1. принадлежность к православию как трактовка русскости. Основной характеристикой русскости являлась православная религиозная традиция, сформировавшая за тысячелетнюю историю русский народ, систему его взглядов и определившая его национальный облик. По заявлению состоявшегося в 1909 году в Москве Монархического съезда, православие «создало сущность русской национальности, всегда являлось единственно прочным и жизнетворным началом.» [10]. Черносотенное «Русское знамя» писало, что православие есть «целое мировоззрение, веками воспитанное, народом воспринятое в свою душу как родное, как единое истинное, как основа его жизни, и это мировоззрение закон народа должен не только охранять, но и воспитывать в сынах народа, если хочет быть родным народу, священным для него» [11]. Тезис о роли РПЦ был заимствован у русских консерваторов, в частности Ф.М.Достоевского, писавшего: «Русский народ весь в православии и в идее его. Более в нем и у него ничего нет - да и не надо, потому что православие все» [12, с.75].

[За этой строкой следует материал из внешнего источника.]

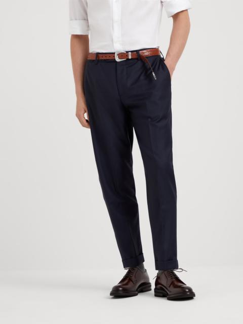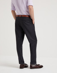 The excellence of Brunello Cucinelli materials enriches the classic feel of these Super 150s Tasmanian virgin wool Four Season twill trousers which are perfect to wear year-round. Their formal fit offers regular proportions both through the seat and along the leg. MATERIALS The clean and elegant appearance of the twill texture is combined with high quality Tasmanian wool. The processing of the very fine 150s yarn allows the creation of a lightweight fabric that is also compact and very comfortable. DETAILS Zip closure with double button and backing button Slanted front pockets Back welt pockets with button 18.5 cm (7,28") hem Formal fit: the fit is characterized by regular proportions in the seat and straight lines down the leg 100% VIRGIN WOOL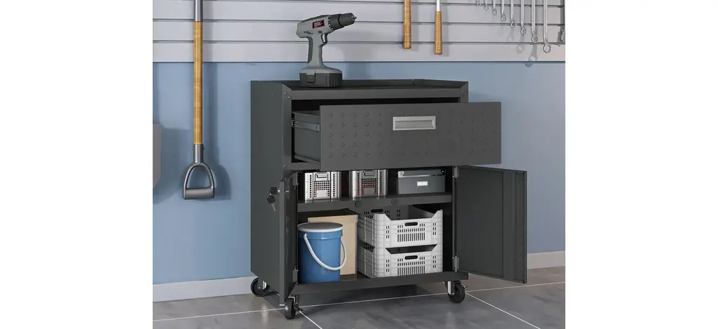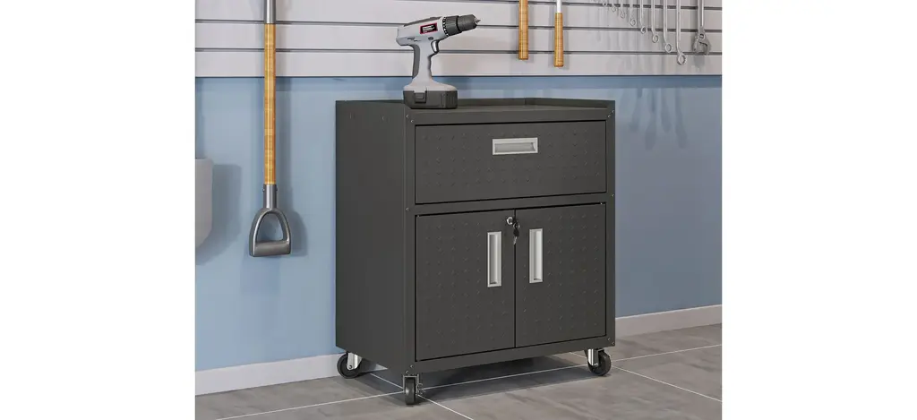 The Fortress Garage Cabinet w/ Drawer is perfect for storing tools, screw kits, and garage accessories. Durable and built to last, this piece is a highly functional unit that belongs in any garage.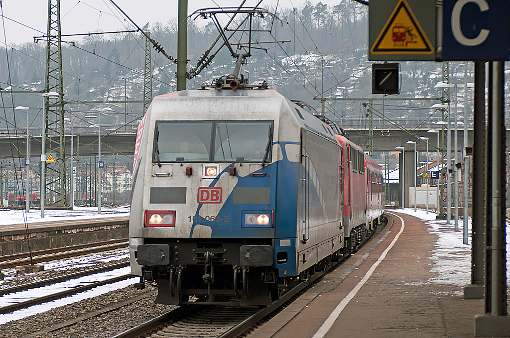 101 018 ist mit dem IC 119 nach Innsbruck HBF unterwegs auf der Filsbahn.Der Zug Eilt mit ca.+20 min. seinem nächsten Halt Göppingen entgegen bei Ebersbach(Fils)am 27.7.2013

2. Самодержавный монархизм как трактовка русскости. Идентифицирующим признаком истинно русского человека являлся также проистекавший из православия монархизм. Черносотенцы отстаивали тезис, что для подлинно верующего православного христианина признание монархии как единственно возможной формы правления являлось само собой разумеющимся. Крупный исследователь черносотенного движения С. А. Степанов писал, что для «черной сотни принадлежность к господствующей нации определялась не столько национальностью или религией, сколько степенью преданности престолу» [13, С.22]. В этом утверждении есть уничижение принципа религиозности, что в отношении «коренных русских людей» не вполне верно. Если православие являлось мировоззренческой основой для идеократической конструкции неразрывно
связанного с ней самодержавия, то верность самодержавию являлась критерием глубины православной веры. По сути, это были две стороны одной медали, определявших понятие русскости: православие являлось его духовным проявлением, в то время как самодержавие - политикомировоззренческим воплощением.

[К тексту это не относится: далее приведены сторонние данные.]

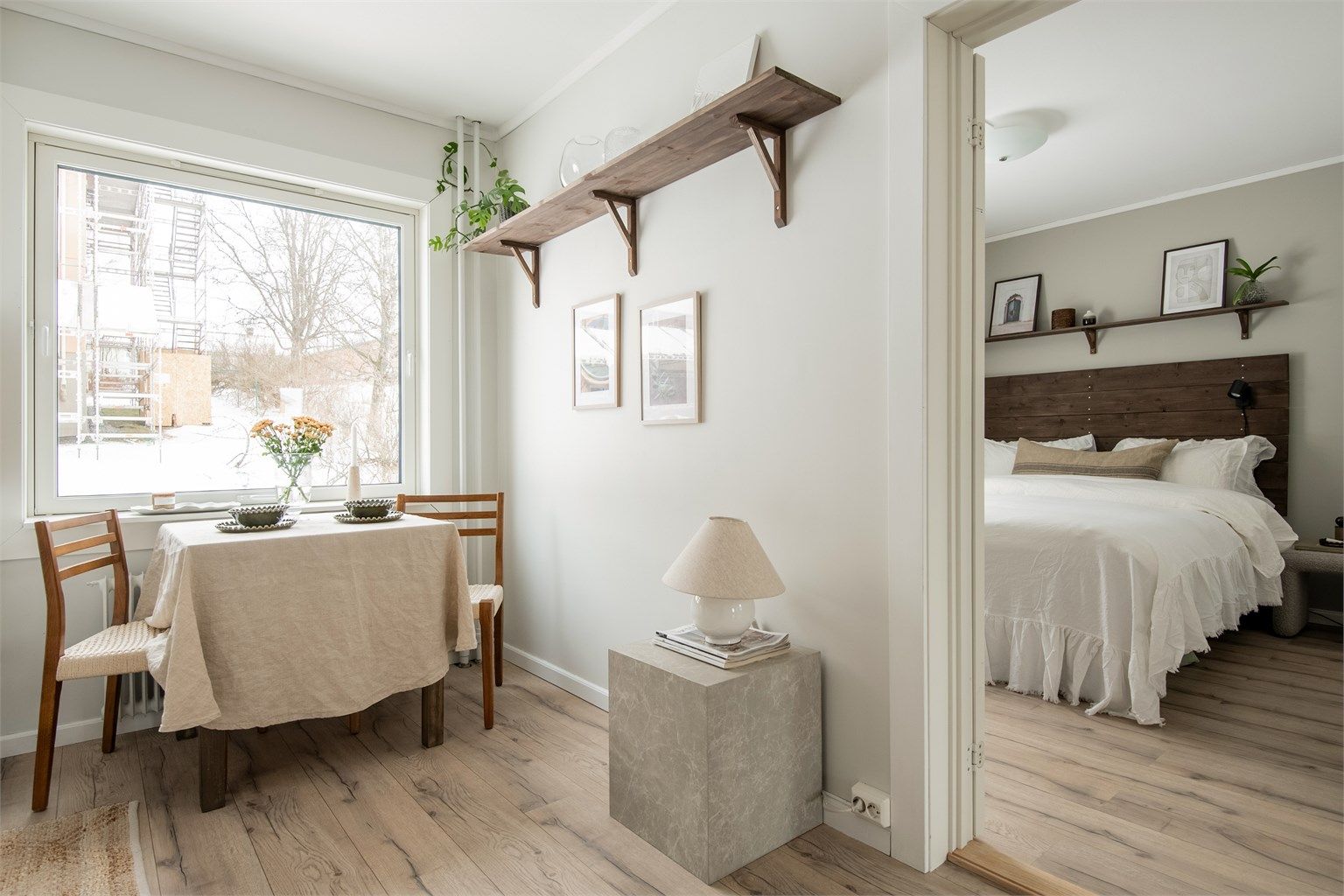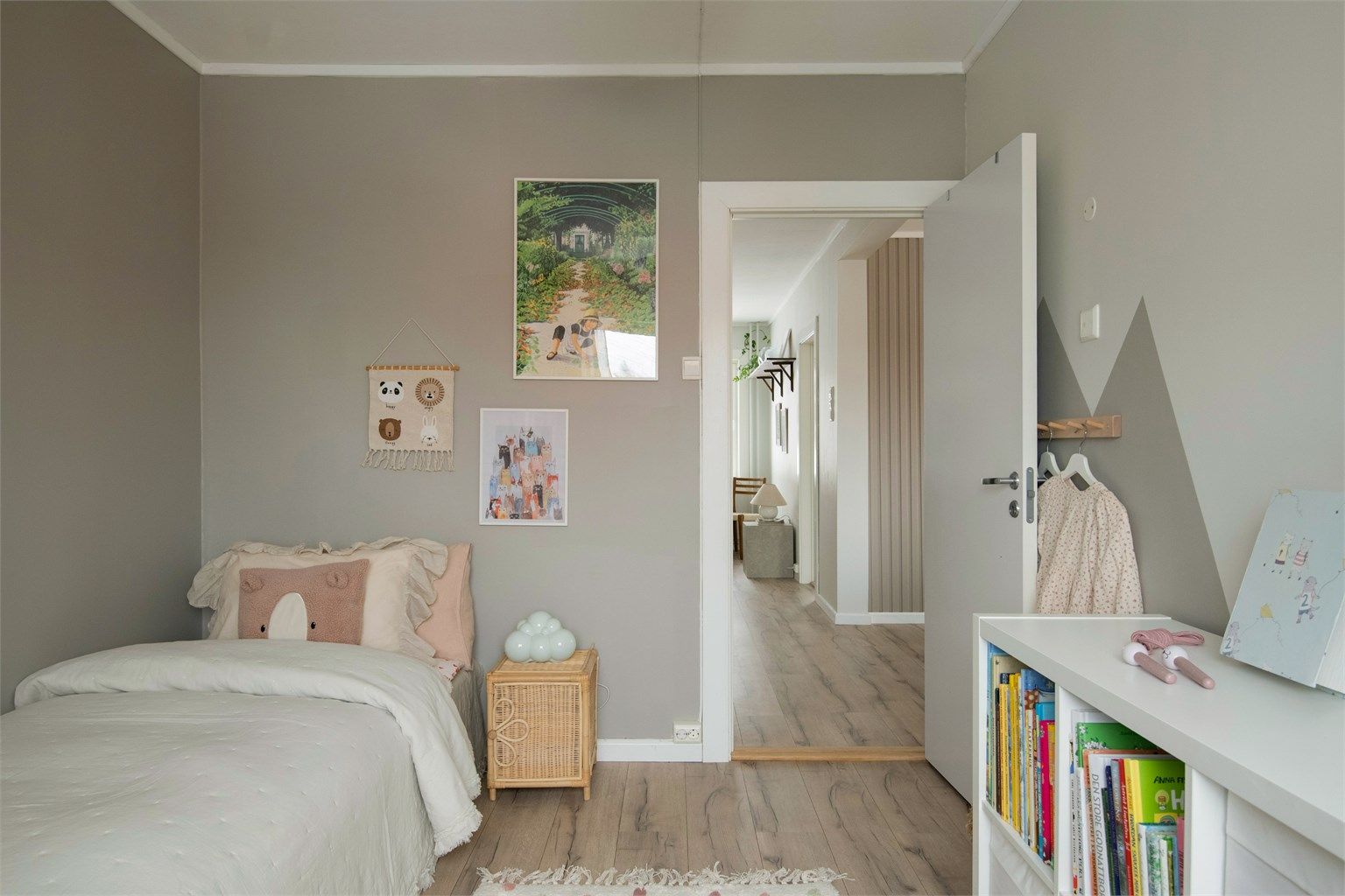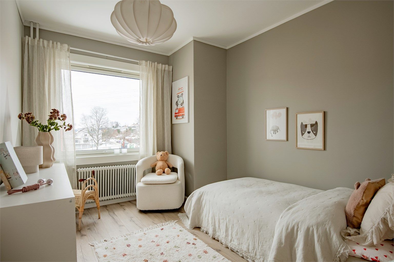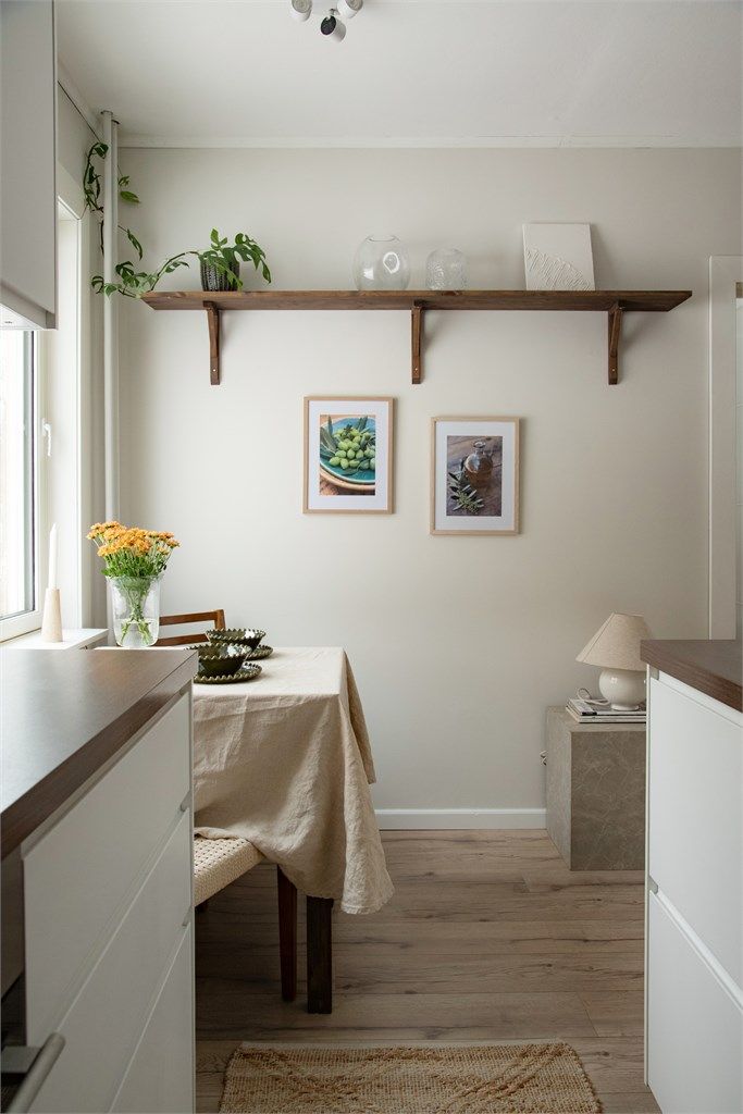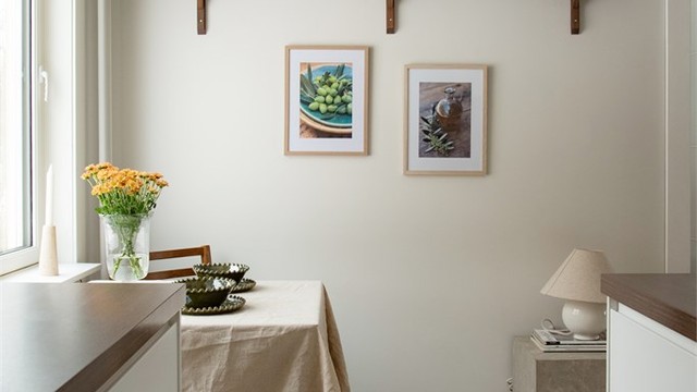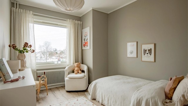 Leiligheten har store vindusflater som slipper inn rikelig med naturlig lys, noe som skaper en åpen og luftig atmosfære. Fargevalget er smakfullt og harmonisk, med rolige nyanser som bidrar til en følelse av ro og komfort.

Отождествление понятия «русский» с верностью самодержавию подчеркивалось и крайне правыми идеологами. «Можно было бы указать
отступников православия, преданных отвлеченной идеи монархизма, даже преданных лично тому или другому русскому Государю, но изменника православно преданного идее русского Царского Самодержавие не только указать, но и представить невозможно» - заявлял на собрании монархистов Б.Надеждин [14]. Отказ признать самодержавие национальной формой правления автоматически вело к отрешению от принадлежности к русскому народу. Черносотенная печать всячески напоминала заблудшим либеральным и революционным «овцам», что приверженность монархии является русской национальной чертой: «Тот, кто не православен, тот не русский: он уже выродок. Тот, кто не предан царю, также не русский, потому что эта преданность есть наследие тысячелетних верований» [15].

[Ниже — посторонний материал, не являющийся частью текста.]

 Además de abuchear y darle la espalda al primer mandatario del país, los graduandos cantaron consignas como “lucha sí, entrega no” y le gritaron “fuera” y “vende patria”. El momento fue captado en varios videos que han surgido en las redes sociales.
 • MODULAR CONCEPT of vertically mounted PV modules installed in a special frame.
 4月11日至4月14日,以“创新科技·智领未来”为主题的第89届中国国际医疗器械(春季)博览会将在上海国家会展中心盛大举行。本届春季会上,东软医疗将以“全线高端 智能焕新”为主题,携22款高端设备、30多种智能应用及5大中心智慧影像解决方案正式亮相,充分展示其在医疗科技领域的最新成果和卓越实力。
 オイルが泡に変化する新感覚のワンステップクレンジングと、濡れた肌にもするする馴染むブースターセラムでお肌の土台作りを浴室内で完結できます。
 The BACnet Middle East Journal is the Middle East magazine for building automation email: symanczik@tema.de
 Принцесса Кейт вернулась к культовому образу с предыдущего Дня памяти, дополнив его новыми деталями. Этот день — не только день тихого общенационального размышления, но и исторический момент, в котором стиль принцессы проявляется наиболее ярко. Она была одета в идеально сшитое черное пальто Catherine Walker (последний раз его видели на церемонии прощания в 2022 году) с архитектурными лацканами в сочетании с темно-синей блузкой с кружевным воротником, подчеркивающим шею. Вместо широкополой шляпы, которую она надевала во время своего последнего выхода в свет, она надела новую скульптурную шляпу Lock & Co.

По мнению черной сотни, самодержавие в наибольшей степени, чем какая-либо иная форма правления, соответствовала характерным чертам русского народа, которые определялись как особые монархические качества: политический консерватизм, врожденный монархизм, покорность властям, аполитичность, неприятие инакомыслия и правового государства. Рассмотрим эти черты подробнее.
Аполитичность. Черносотенцы приняли идеи государственников и славянофилов об аполитичности русского народа, являвшейся следствием присущей ему религиозности. Утверждая, что народные массы не стремятся государствовать, крайне правые часто использовали в своих программных документах и на страницах печати рожденную
славянофилами формулу: «Внешняя правда - государству, внутренняя правда - земле; неограниченная власть - царю, свобода мнения и слова -народу» [16, с.18]. Представления о предназначении русского народа жить на земле и в Боге четко выразил неославянофил Д.А.Хомяков, утверждавший: «Народ, живущий верой и бытом, твердо стоит на принципе самодержавия, т.е. устранения от политиканства, в котором видит лишь необходимое (или неизбежное) зло, которое возлагает, как бремя, на избранное и жертвующее собою для общего блага лицо - государя...» [17, с.125.]. Следуя этим размышлениям, крайне правые пропагандировали идею о том, что русский народ, добровольно отрекаясь от власти, передает правление царю: «Народ может наслаждаться полным счастьем, когда вся власть над ним сосредоточена в одних руках, когда им управляет одно лицо, то есть монарх, который своей могучею властью устраняет противоречия, все различия во взглядах мелких начальников», т.е. также нейтрализует противостояние внутри бюрократического аппарата [18]. Помимо отвлеченно религиозной аргументации монархисты применяли и аргументацию из практической области, указывая, что для решения государственных вопросов народ не обладает достаточной компетенцией, уровнем образования и времени в силу занятости производством материальных благ.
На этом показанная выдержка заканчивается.